Meta-analysis to screen characteristic factors
Using the quality control standards [including external quality control, internal quality control, consistency quality control (CQCg and CQCp) and accuracy quality control (AQCg and AQCp)] in the MetaQC package (15), quality control was performed for the datasets. To identify reliable datasets, the datasets were further assessed and screened using the two-dimensional diagram of principal component analysis (PCA) and standardized mean rank scores. Based on the MetaDE.ES method in the MetaDE package (15), homogeneous unbiased genes were identified using a heterogeneity test [thresholds: Tau2=0 and Qpval (statistical parameter representing heterogeneity of the dataset) >0.05] and the DEGs were screened [threshold: False discovery rate (FDR) <0.05].
Identification of prognosis-associated genes
Among the included datasets, GSE28735 and GSE62452 were based upon the GPL9644 platform and contained sample survival information. Thus, the data of the two datasets were merged and prognosis-associated genes were identified using the Cox regression analysis in survival package, with P<0.05 set as the significant threshold (https://github.com/therneau/survival). After significant P-values were obtained using the log-rank test, Kaplan-Meier (KM) survival analysis was performed on the top six genes with higher-logRank (P-values) (16).

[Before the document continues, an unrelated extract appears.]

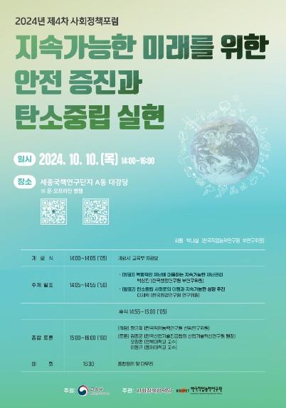 [중앙방송, 이온세기자] 교육부는 ‘지속 가능한 미래를 위한 안전 증진과 탄소중립 실현’을 주제로 10월 10일, 세종국책연구단지에서 제4차 사회정책 공개토론회(포럼)를 개최한다.

Co-expression network and module analyses
The expression values of the prognosis-associated genes were extracted from the datasets and the COR function (17) in R language was used to calculate their correlation coefficients. The co-expression pairs with correlation coefficient |r|≥0.6 and P<0.05 were selected for constructing a co-expression network using Cytoscape software (version 3.5.0; http://www.cytoscape.org/) (18). Furthermore, module analysis was performed for the co-expression network using the GraphWeb tool (http://biit.cs.ut.ee/graphweb/) (19).

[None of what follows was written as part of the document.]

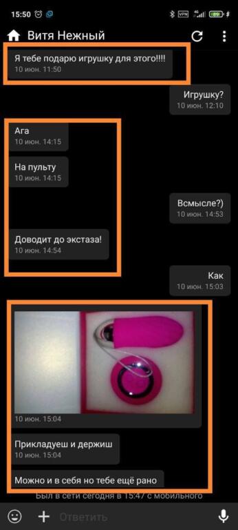 После этого переписку вели специально подготовленные люди. Любитель несовершеннолетних присылал множество материалов с целью пояснить каким образом он хочет овладеть ребёнком. На встречу с “девочкой” принес некий девайс для развлечения с ребёнком.

Construction of a prediction and discrimination system for prognosis
The PDAC samples in GSE28735 and GSE62452 had survival information, and thus were taken as the training dataset for the prediction and discrimination system of prognosis. Firstly, the samples were divided into alive and deceased groups according to their survival states. Secondly, the samples were further divided into groups with bad prognosis (deceased and alive survival time <15 months) and good prognosis (alive and alive survival time ≥15 months). After the genes in the co-expression network were sorted in descending order according to their-logRank (P-values), Baye's discriminant analysis was performed using the discriminant.bayes function in the e1071 package (20). Genes were added one by one, and the genes affecting discrimination accuracy were removed until the highest discrimination accuracy was obtained. Under the highest discrimination accuracy, the discrimination coefficient of each sample, gene combination, and discrimination system were defined as the prognostic score, signature gene and prognostic prediction system, respectively.

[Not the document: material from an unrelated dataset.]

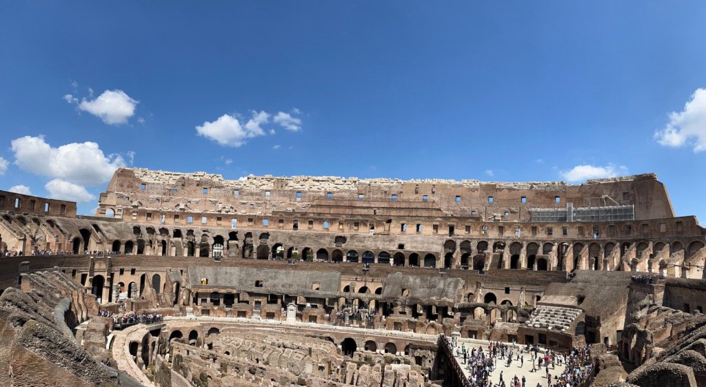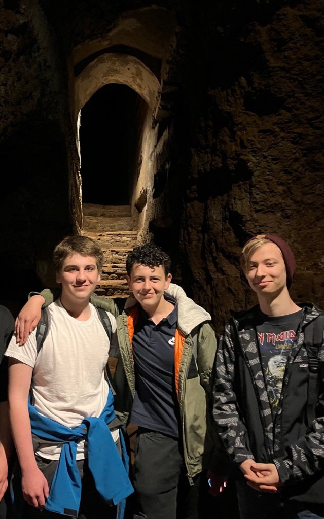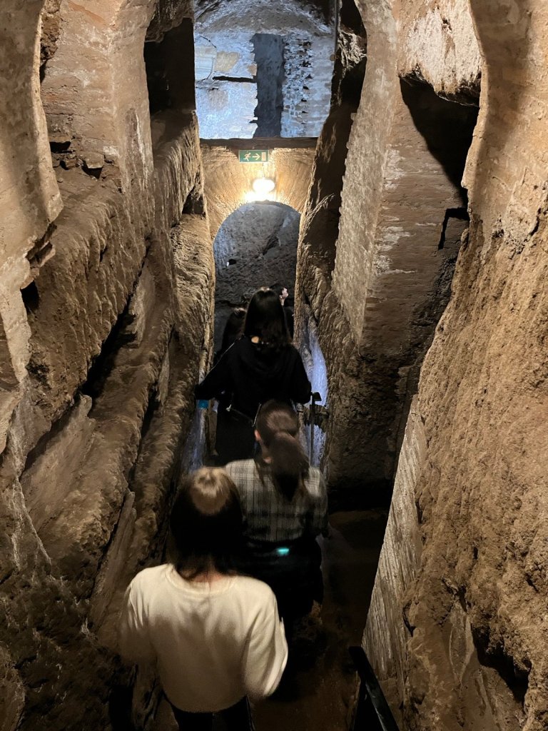 Rom ist riesig. Aber am Donnerstag traf die Klasse 10b spontan bei der Führung durch die Katakomben auf die Klasse 10a. Vorab am Mittwoch wurde das berühmteste Gebäude Roms, das Kolosseum mit seiner imposanten Größe besucht. Unvorstellbar, dass hier tausende Menschen wie heute in der Allianzarena sportlichen Wettkämpfen und Theaterveranstaltungen auf damals höchsten technischen Knowhow – wenn auch manchmal sehr gewalttätig – erleben konnten. Auch Rom am Abend kann an der Spanischen Treppe durchaus romantisch sein.

Validation of the prognostic prediction system
To detect the effect of the prognostic prediction system, KM survival analysis (16) was performed for GSE28735 and GSE62452 to verify the correlation between the sample types recognized by the prognostic prediction system, and the actual survival time and states. In addition, the microarray data under E-MEXP-2780 (downloaded in January 5, 2017; including 30 PDAC samples containing survival information) were downloaded from the European Bioinformatics Institute (http://www.ebi.ac.uk/) database and used as an independent validation dataset for the prognostic prediction system. In addition, the PDAC dataset (downloaded in January 5, 2017; based on Illumina HiSeq 2000 RNA Sequencing platform; including 183 PDAC samples, among which 163 samples had survival information) in The Cancer Genome Atlas (TCGA; https://cancergenome.nih.gov/) database was also downloaded. Subsequently, the expression values of the signature genes were extracted from E-MEXP-2780 and the PDAC dataset was downloaded from the TCGA database. After prognostic scores were obtained based on the prognostic prediction system, the samples in E-MEXP-2780 and the PDAC dataset downloaded from the TCGA database were divided into groups with bad prognosis and good prognosis. Finally, KM survival analysis (16) was performed to analyze the correlation between the sample types recognized by the prognostic prediction system, and the actual survival time and states.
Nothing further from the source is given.